Information
—————

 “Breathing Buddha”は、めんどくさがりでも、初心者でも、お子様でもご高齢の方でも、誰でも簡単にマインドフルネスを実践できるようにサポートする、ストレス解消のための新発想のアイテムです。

—————

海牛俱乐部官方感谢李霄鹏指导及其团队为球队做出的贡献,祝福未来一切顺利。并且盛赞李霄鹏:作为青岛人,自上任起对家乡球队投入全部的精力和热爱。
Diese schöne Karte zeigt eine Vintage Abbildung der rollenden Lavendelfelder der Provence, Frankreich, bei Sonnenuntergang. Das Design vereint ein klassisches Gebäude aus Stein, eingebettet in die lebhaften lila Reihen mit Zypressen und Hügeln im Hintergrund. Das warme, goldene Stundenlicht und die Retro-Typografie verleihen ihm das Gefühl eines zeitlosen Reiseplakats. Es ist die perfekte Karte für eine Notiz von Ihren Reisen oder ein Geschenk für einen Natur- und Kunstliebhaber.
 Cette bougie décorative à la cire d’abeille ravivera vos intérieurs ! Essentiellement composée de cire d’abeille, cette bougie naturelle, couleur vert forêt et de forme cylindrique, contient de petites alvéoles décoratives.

—————

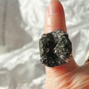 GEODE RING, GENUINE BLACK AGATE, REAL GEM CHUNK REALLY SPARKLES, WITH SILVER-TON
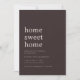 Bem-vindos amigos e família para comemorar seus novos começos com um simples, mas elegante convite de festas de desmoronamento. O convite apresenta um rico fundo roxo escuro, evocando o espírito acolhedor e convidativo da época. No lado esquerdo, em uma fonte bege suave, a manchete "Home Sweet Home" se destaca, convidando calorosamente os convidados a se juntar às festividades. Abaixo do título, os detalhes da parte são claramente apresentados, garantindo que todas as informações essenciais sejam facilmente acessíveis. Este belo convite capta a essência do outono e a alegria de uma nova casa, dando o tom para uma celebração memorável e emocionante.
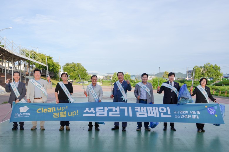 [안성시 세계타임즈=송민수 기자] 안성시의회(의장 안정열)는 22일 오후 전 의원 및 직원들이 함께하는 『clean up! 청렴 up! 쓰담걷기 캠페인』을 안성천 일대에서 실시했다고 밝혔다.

—————

What is required
After locating the line with "海牛俱乐部官方感谢李霄鹏指导" in the material above, return it and each line after it exactly, ending at the line with "Cette bougie décorative".

Written solution
海牛俱乐部官方感谢李霄鹏指导及其团队为球队做出的贡献,祝福未来一切顺利。并且盛赞李霄鹏:作为青岛人,自上任起对家乡球队投入全部的精力和热爱。
Diese schöne Karte zeigt eine Vintage Abbildung der rollenden Lavendelfelder der Provence, Frankreich, bei Sonnenuntergang. Das Design vereint ein klassisches Gebäude aus Stein, eingebettet in die lebhaften lila Reihen mit Zypressen und Hügeln im Hintergrund. Das warme, goldene Stundenlicht und die Retro-Typografie verleihen ihm das Gefühl eines zeitlosen Reiseplakats. Es ist die perfekte Karte für eine Notiz von Ihren Reisen oder ein Geschenk für einen Natur- und Kunstliebhaber.
 Cette bougie décorative à la cire d’abeille ravivera vos intérieurs ! Essentiellement composée de cire d’abeille, cette bougie naturelle, couleur vert forêt et de forme cylindrique, contient de petites alvéoles décoratives.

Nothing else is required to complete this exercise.